Aim of the task
Your answer is to be the exact text of the lines from the one containing "一一金融形勢(shì)穩(w" through the final line of the entries, restated in full, with pictures omitted.

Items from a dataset

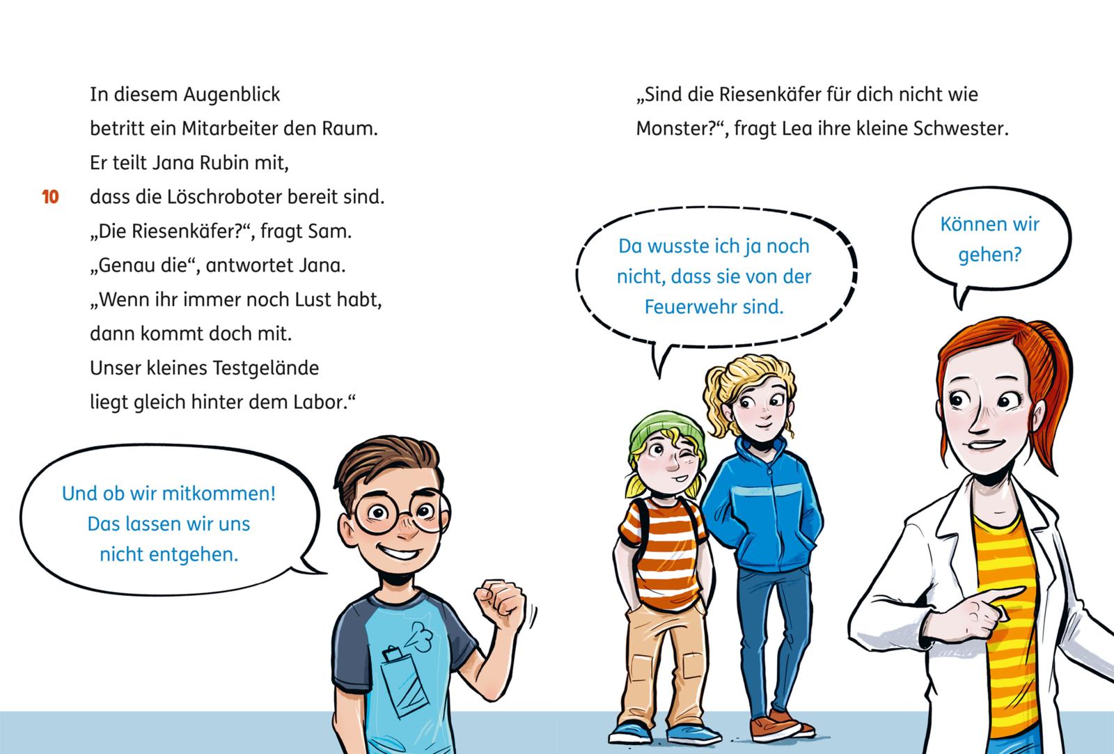 In Band 2 "Die Löschroboter" (ISBN 978-3551690210) testen die Kinder Löschroboter bei einem vorgetäuschten Waldbrand und kommen dabei ganz schön ins Schwitzen.
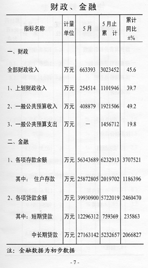 一一金融形勢(shì)穩(wěn)定。截至5月底,全市本外幣各項(xiàng)存款余額5634.4億元,比年初增加623.3億元。其中,住戶存款2587.3億元,比年初增加202.0億元。本外幣各項(xiàng)貸款余額3993.1億元,比年初增加572.2億元。
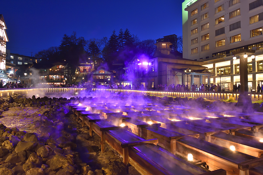石井:草津は温泉街全体をどんどんきれいにリニューアルしていて、“裏草津”という新スポットもできました。殺菌力が高い草津温泉の湯で手を洗える『手洗乃湯』や、源泉が流れていて天然のスチーマーのように浴びられる『顔湯』、約1万冊の漫画作品が並ぶ『漫画堂』など新しい見どころが増えました。さらに、草津温泉の入り口に『温泉門』という立体交差が開通。温泉を大量に滝流しにして、夜も楽しめる無料の足湯と駐車場も完成しました。夜になると、その温泉門から湯畑、西の河原温泉の方まで美しくライトアップされるんです。夜の幻想的な草津を楽しみたくて、宿泊する人が圧倒的に増えたそうです。
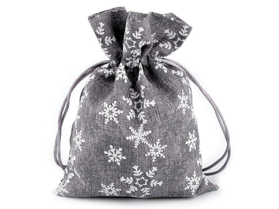 Vánoční dárkový pytlík vločky 13x18 cm - 10 ks - 2 šedá
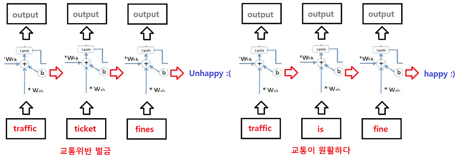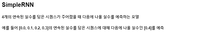 다음 포스트에서 LSTM을 설명할 때 마지막의 문장에서 다음에 나올 단어를 예측하는 모델을 예로 들어 설명할 것이므로, 지금은 많은 문제들을 RNN으로 해결할 수 있다는 것에 대해서만 알고 넘어가겠습니다. 이제 RNN에서 가장 기초적인 구조인 SimpleRNN를 예로 입력이 hidden state에서 계산되어 출력되는 과정에 대해 알아보겠습니다.
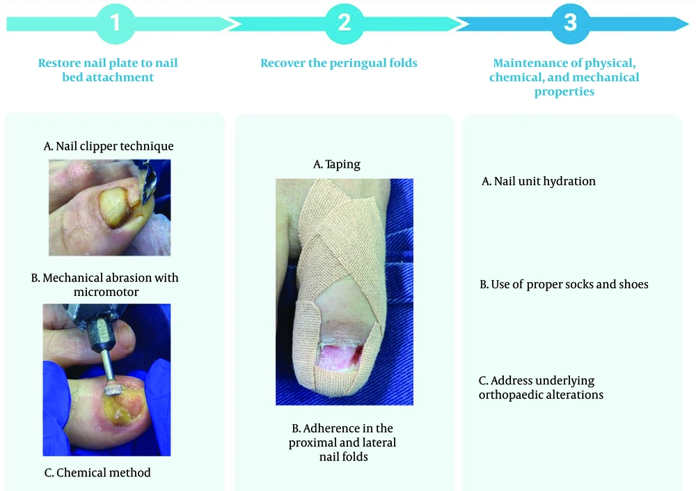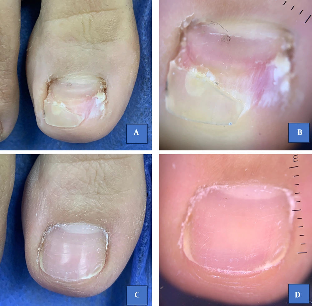Onychomycosis is a frequent cause of chronic onycholysis that can lead to nail dystrophy; unfortunately, the cure rates are low, and the recurrence rate is high (11). Currently, there are few articles that describe the non-surgical management of nail dystrophies (12, 13).

Finished task
 一一金融形勢(shì)穩(wěn)定。截至5月底,全市本外幣各項(xiàng)存款余額5634.4億元,比年初增加623.3億元。其中,住戶存款2587.3億元,比年初增加202.0億元。本外幣各項(xiàng)貸款余額3993.1億元,比年初增加572.2億元。
石井:草津は温泉街全体をどんどんきれいにリニューアルしていて、“裏草津”という新スポットもできました。殺菌力が高い草津温泉の湯で手を洗える『手洗乃湯』や、源泉が流れていて天然のスチーマーのように浴びられる『顔湯』、約1万冊の漫画作品が並ぶ『漫画堂』など新しい見どころが増えました。さらに、草津温泉の入り口に『温泉門』という立体交差が開通。温泉を大量に滝流しにして、夜も楽しめる無料の足湯と駐車場も完成しました。夜になると、その温泉門から湯畑、西の河原温泉の方まで美しくライトアップされるんです。夜の幻想的な草津を楽しみたくて、宿泊する人が圧倒的に増えたそうです。
 Vánoční dárkový pytlík vločky 13x18 cm - 10 ks - 2 šedá
 다음 포스트에서 LSTM을 설명할 때 마지막의 문장에서 다음에 나올 단어를 예측하는 모델을 예로 들어 설명할 것이므로, 지금은 많은 문제들을 RNN으로 해결할 수 있다는 것에 대해서만 알고 넘어가겠습니다. 이제 RNN에서 가장 기초적인 구조인 SimpleRNN를 예로 입력이 hidden state에서 계산되어 출력되는 과정에 대해 알아보겠습니다.
Onychomycosis is a frequent cause of chronic onycholysis that can lead to nail dystrophy; unfortunately, the cure rates are low, and the recurrence rate is high (11). Currently, there are few articles that describe the non-surgical management of nail dystrophies (12, 13).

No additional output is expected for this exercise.